___ AVAILABLE DATA
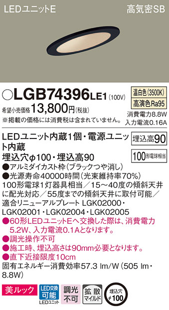 Panasonic ¥À¥¦¥ó¥é¥¤¥È LGB74396LE1
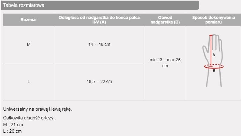 | Rozmiar | Odległość od nadgarstka do końca palca II-V (A) | Obwód nadgarstka (B) | Sposób dokonywania pomiaru |
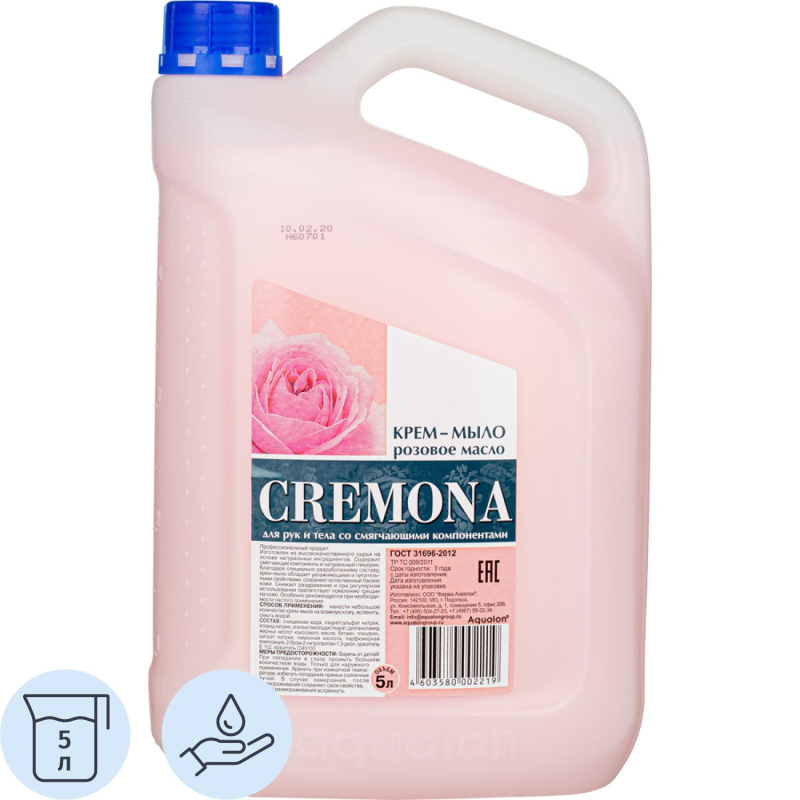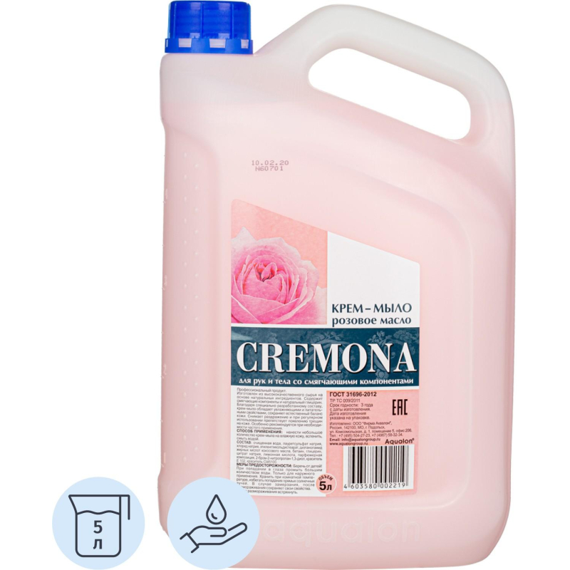 Мыло жидкое Кремона Розовое масло 5 л. Назначение: для мытья рук и тела Способ применения: нанести небольшое количество мыла на влажную кожу, вспенить, смыть водой. Меры предосторожности: только для наружного применения. Беречь от детей. При попадании в глаза промыть большим количеством воды. При случайном употреблении внутрь немедленно обратиться к врачу, показав упаковку и этикетку. Состав: очищенная вода, лауретсульфат натрия (5-10%), хлорид натрия (< 5%), этиленгликольдистеарат (< 5%), диэтаноламид жирных кислот кокосового масла (< 5%), бетаин (< 5%), глицерин (< 5%), цитрат натрия (< 5%), лимонная кислота (< 5%), парфюмерная композиция (< 1%), 2-бром-2-нитропропан-1.3-диол (< 1%), красители (< 1%). Условия хранения: хранить при комнатной температуре, избегать попадания прямых солнечных лучей. В случае замерзания после размораживания сохраняет свои свойства. После размораживания встряхнуть. Срок годности 3 года.<!--noindex-->Внешний вид и/или характеристики товара могут быть изменены производителем в соответствии с производственным процессом.<!--/noindex-->
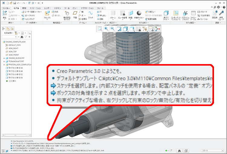 Creo の画面の下にはメッセージ領域があり、システムからのメッセージが表示されます。デフォルトのままだと1行ですが、設定で行数を増やすことができます。
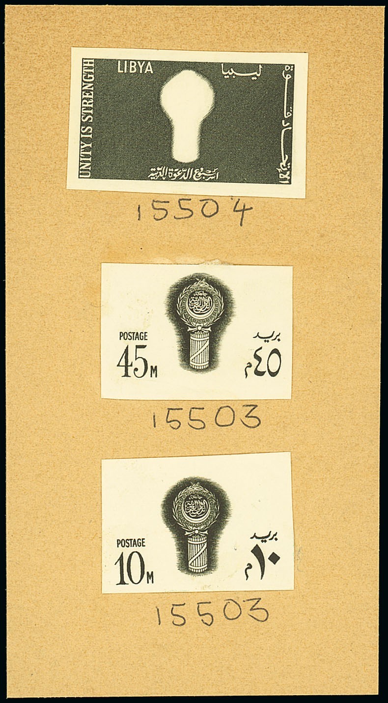 1968 Arab League Week die proof of the frame (numbered 15504) and 10m. and 45m. vignette and value (each numbered 15503), mounted on card (65mm. x 119mm.). Fine
______
● **TASK DESCRIPTION**: Please transcribe each entry exactly and exclude any image it contains.

● **RESULT FOR THIS EXERCISE**:
 Panasonic ¥À¥¦¥ó¥é¥¤¥È LGB74396LE1
 | Rozmiar | Odległość od nadgarstka do końca palca II-V (A) | Obwód nadgarstka (B) | Sposób dokonywania pomiaru |
 Мыло жидкое Кремона Розовое масло 5 л. Назначение: для мытья рук и тела Способ применения: нанести небольшое количество мыла на влажную кожу, вспенить, смыть водой. Меры предосторожности: только для наружного применения. Беречь от детей. При попадании в глаза промыть большим количеством воды. При случайном употреблении внутрь немедленно обратиться к врачу, показав упаковку и этикетку. Состав: очищенная вода, лауретсульфат натрия (5-10%), хлорид натрия (< 5%), этиленгликольдистеарат (< 5%), диэтаноламид жирных кислот кокосового масла (< 5%), бетаин (< 5%), глицерин (< 5%), цитрат натрия (< 5%), лимонная кислота (< 5%), парфюмерная композиция (< 1%), 2-бром-2-нитропропан-1.3-диол (< 1%), красители (< 1%). Условия хранения: хранить при комнатной температуре, избегать попадания прямых солнечных лучей. В случае замерзания после размораживания сохраняет свои свойства. После размораживания встряхнуть. Срок годности 3 года.<!--noindex-->Внешний вид и/или характеристики товара могут быть изменены производителем в соответствии с производственным процессом.<!--/noindex-->
 Creo の画面の下にはメッセージ領域があり、システムからのメッセージが表示されます。デフォルトのままだと1行ですが、設定で行数を増やすことができます。
 1968 Arab League Week die proof of the frame (numbered 15504) and 10m. and 45m. vignette and value (each numbered 15503), mounted on card (65mm. x 119mm.). Fine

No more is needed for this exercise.